Vincent Lamy

Personal information
- Full name: Vincent Lamy
- Date of birth: July 10, 1999 (age 26)
- Place of birth: Sherbrooke, Quebec, Canada
- Height: 1.72 m (5 ft 8 in)
- Position: Forward

Youth career
- 2005–2013: Dynamik Sherbrooke
- 2014–2015: Étoiles de L'Est
- 2015: Alessandria
- 2016–2018: Montreal Impact

College career
- Years: Team / Apps / (Gls)
- UQTR Patriotes

Senior career*
- Years: Team / Apps / (Gls)
- 2019: HFX Wanderers / 4 / (0)
- 2020–2021: Celtix du Haut-Richelieu / 18 / (3)
- 2024: Celtix du Haut-Richelieu / 3 / (0)
- 2025–: CS Trois-Rivières / 4 / (1)

= Vincent Lamy =

Canadian soccer player (born 1999)

Vincent Lamy (born July 10, 1999) is a Canadian soccer player who plays as a forward for CS Trois-Rivières in Ligue2 Quebec.

==Early life==
Lamy was born in Sherbrooke, Quebec. Lamy began playing soccer in 2005 with hometown club Dynamik Sherbrooke, where he played until 2013. In 2014, he began playing for Laval-based club Les Étoiles de L'Est.
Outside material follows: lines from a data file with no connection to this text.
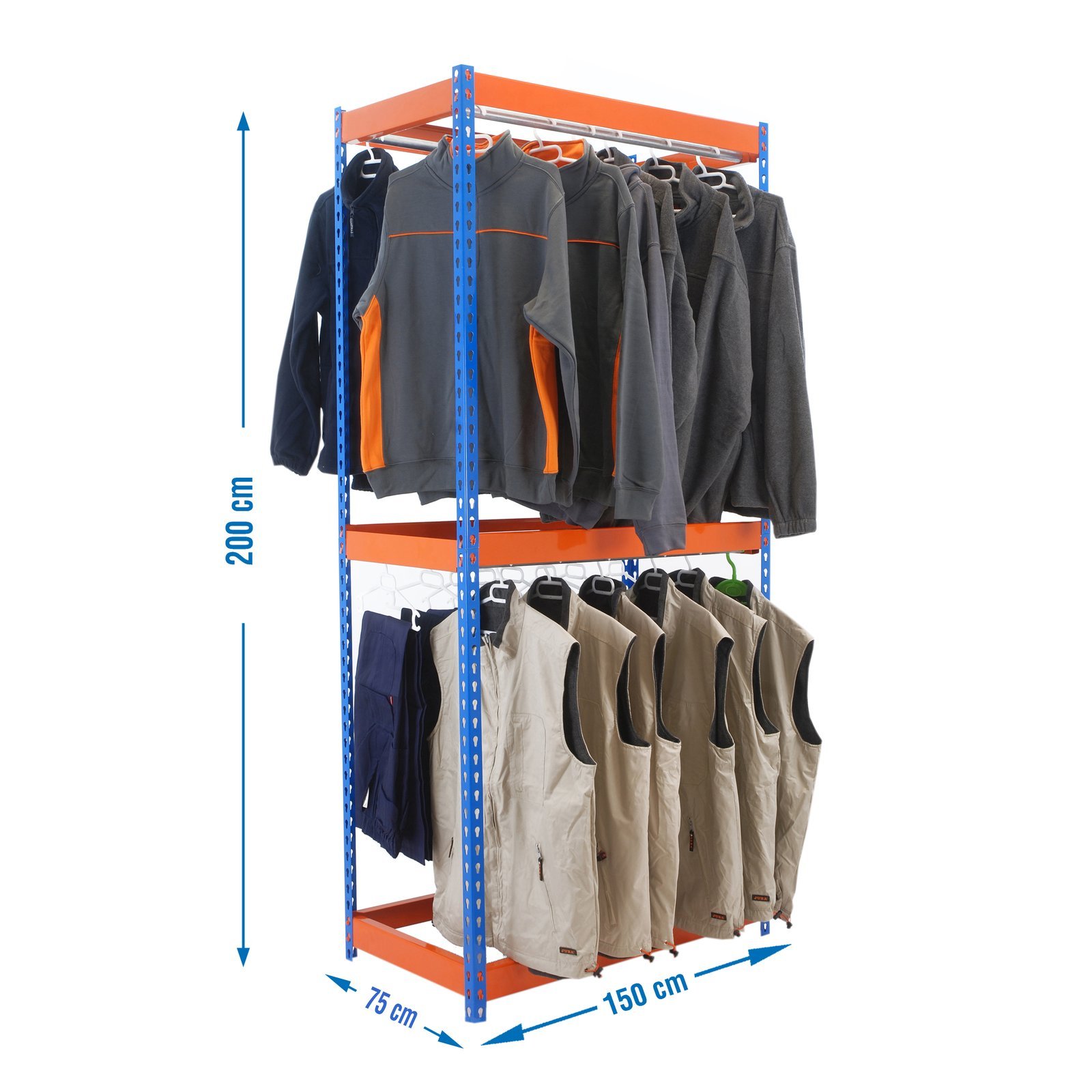 Estanteria para prenda colgada, de color AZUL/NARANJA. Las dimensiones de esta estanteria son, 2000x1500x750 mm. Y tiene una capacidad de carga de 30 kgs. Es fabricado en Europa por Simonrack y se monta rapido siguiendo las instrucciones. El numero de colgadores por modulo es, 2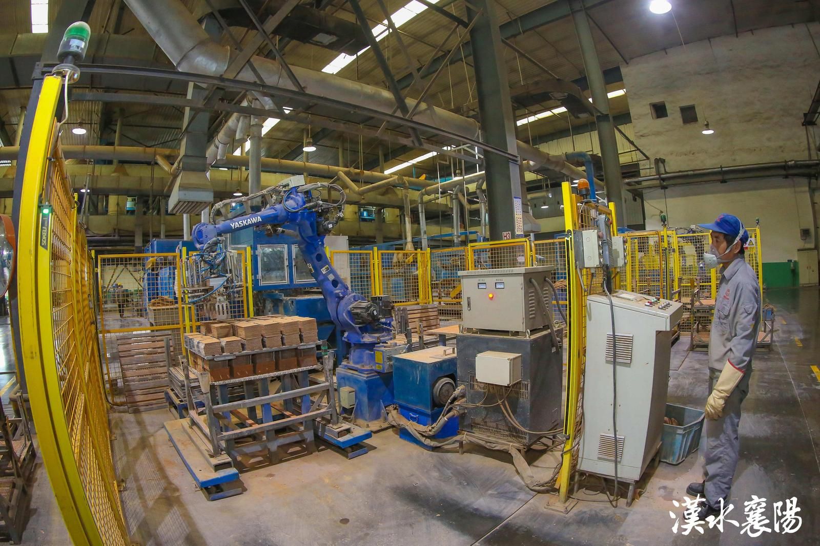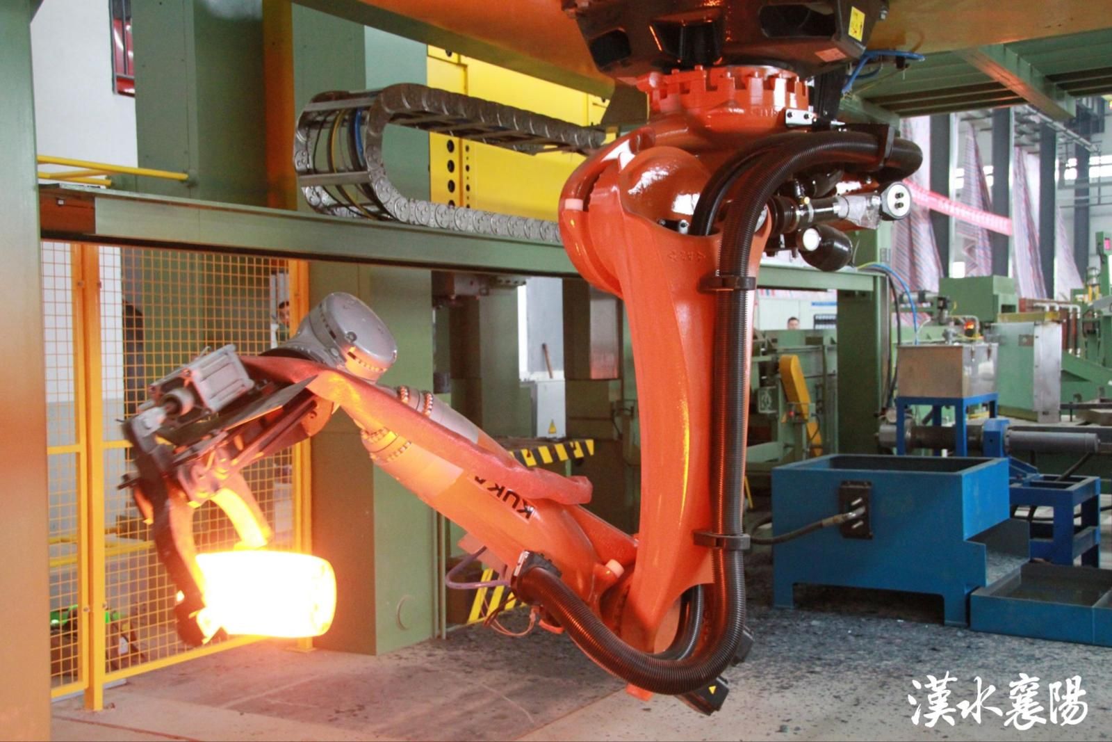 ▲湖北三环锻造有限公司(简称三环锻造)数字化生产车间,工业机器人伸展灵活的臂膀,精准夹起通红的锻件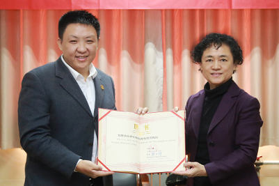党委副书记张硕秋为山东梅格彤天电气有限公司执行总裁谷青松颁发了顾问教授聘书。

In 2015, Lamy signed a youth contract with Italian side Alessandria. However, due to a rule change by FIFA regarding minors playing abroad, the 16 year-old Lamy was prohibited from playing official matches for the club, but was still able to appear in friendlies while training with the academy. He spent four months with Alessandria but was eventually forced to return to Canada. After returning to Canada, Lamy joined the Montreal Impact Academy in 2016. Lamy played two seasons of USSDA soccer with the Montreal Impact U18s and U19s, scoring six goals in seventeen appearances in his first year and 22 goals in 25 appearances in his second.

==University career==
Lamy attended the Université du Québec à Trois-Rivières, where he played for the men's soccer team. He was named an RSEQ Second Team All-Star in 2022 and 2023.

==Club career==
On January 22, 2019, Lamy signed his first professional contract with Canadian Premier League side HFX Wanderers. He made his debut on May 16 in a Canadian Championship match against the Vaughan Azzurri. On April 28, 2019 he made his league debut for Halifax as a substitute in a 1–0 loss to Pacific FC. On 14 December 2019, the club announced that Lamy would not be returning for the 2020 season.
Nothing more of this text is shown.